Facing the reality of needing some form of long-term care for yourself or for a loved one can be overwhelming. Nursing home care is often necessary for those who require a higher level of care than can be provided at home, but the costs can quickly add up. This is where Nursing Home Medicaid comes into play, offering vital financial support to families during already emotionally challenging times. 

Nursing Home Medicaid

Medicaid is a government program designed to help pay for the costs of long-term care in a nursing home for individuals who qualify based on their medical needs, income, and assets. It serves as a financial safety net for families who cannot afford the high costs associated with nursing home.

 

Even if a family can initially afford long-term care, the expenses can rapidly deplete savings. With an average cost of $144,000 per year, it doesn’t take long before your funds are reduced to Medicaid asset limits, at which point Medicaid can begin covering these costs. However, there is a more strategic approach: Medicaid Planning.

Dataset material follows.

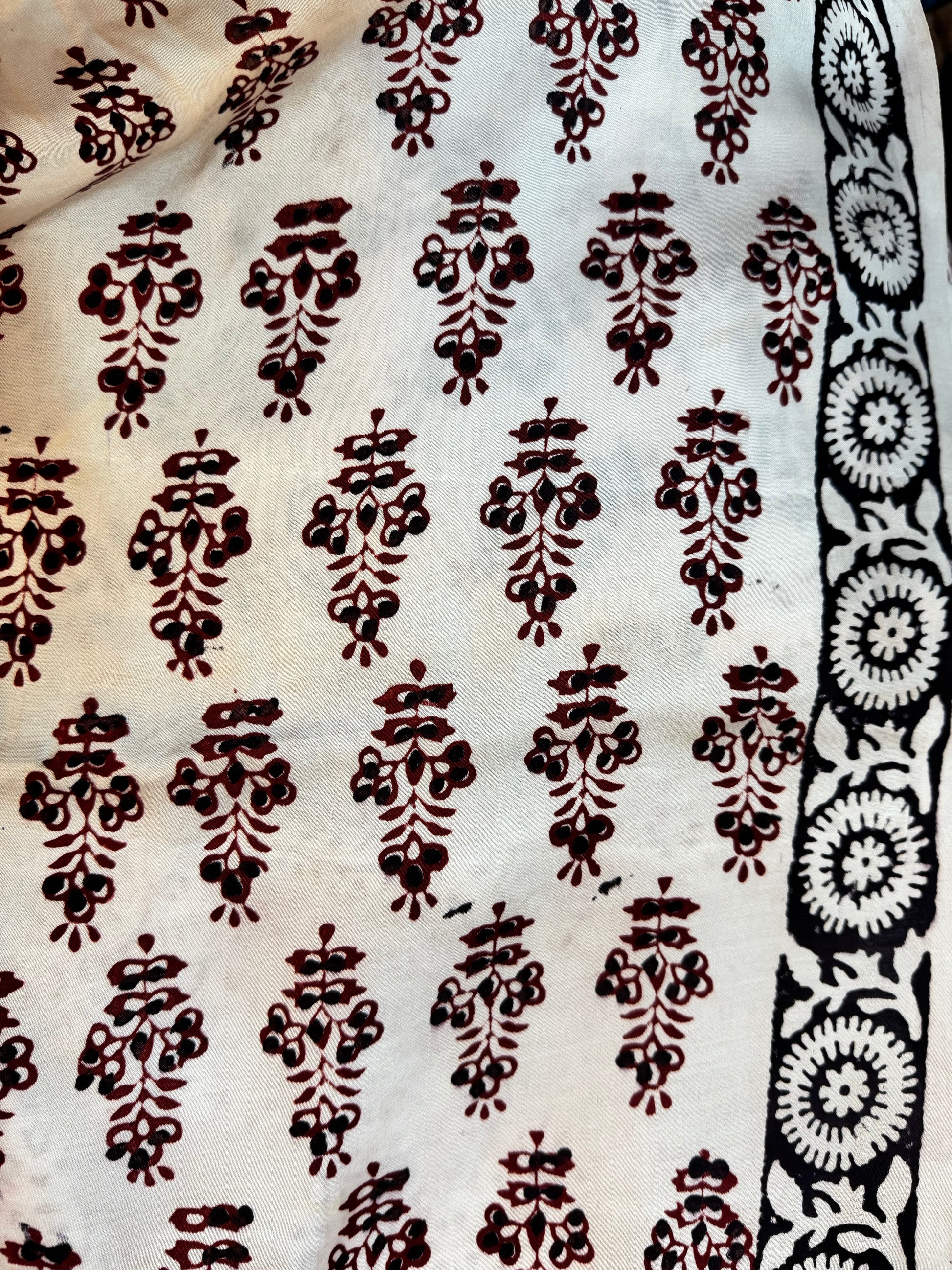 This three piece suit is crafted in soft modal silk, finished in a classic white base that lets the Bagru hand block print take centre stage. The print is done in traditional black and red, giving it that unmistakable earthy Bagru character that feels timeless yet easy to wear.

The Purpose Behind Medicaid.

Medicaid was initially created in 1965 by the federal government as a way to provide financial assistance to those in need of medical care, particularly in nursing homes. The program aimed to ensure that low-income individuals, seniors, and people with disabilities could access necessary care without facing financial ruin. By covering nursing home costs, Medicaid helps alleviate the burden on families, offering a dignified solution for long-term care. Over the years, Medicaid has evolved significantly to address the changing needs of individuals and families.  

Medicaid Waiver Programs

Waiver Programs were introduced to waive the traditional requirement for individuals to be in a nursing home to receive Medicaid Benefits. These programs allow states to offer a broader range of services and supports to individuals who might otherwise require institutional care. Each Waiver Program has its own financial and non-financial requirements, allowing for the customized care plans that meet the unique needs of individuals and their families. While these programs offer incredible opportunities for personalized care, they can also be complex and challenging to navigate.

Nursing Home Medicaid

Nursing Home Medicaid can provide peace of mind, knowing that your loved ones are receiving the care they need without the stress of unmanageable costs. It allows families to focus on what truly matters - supporting each other through difficult times.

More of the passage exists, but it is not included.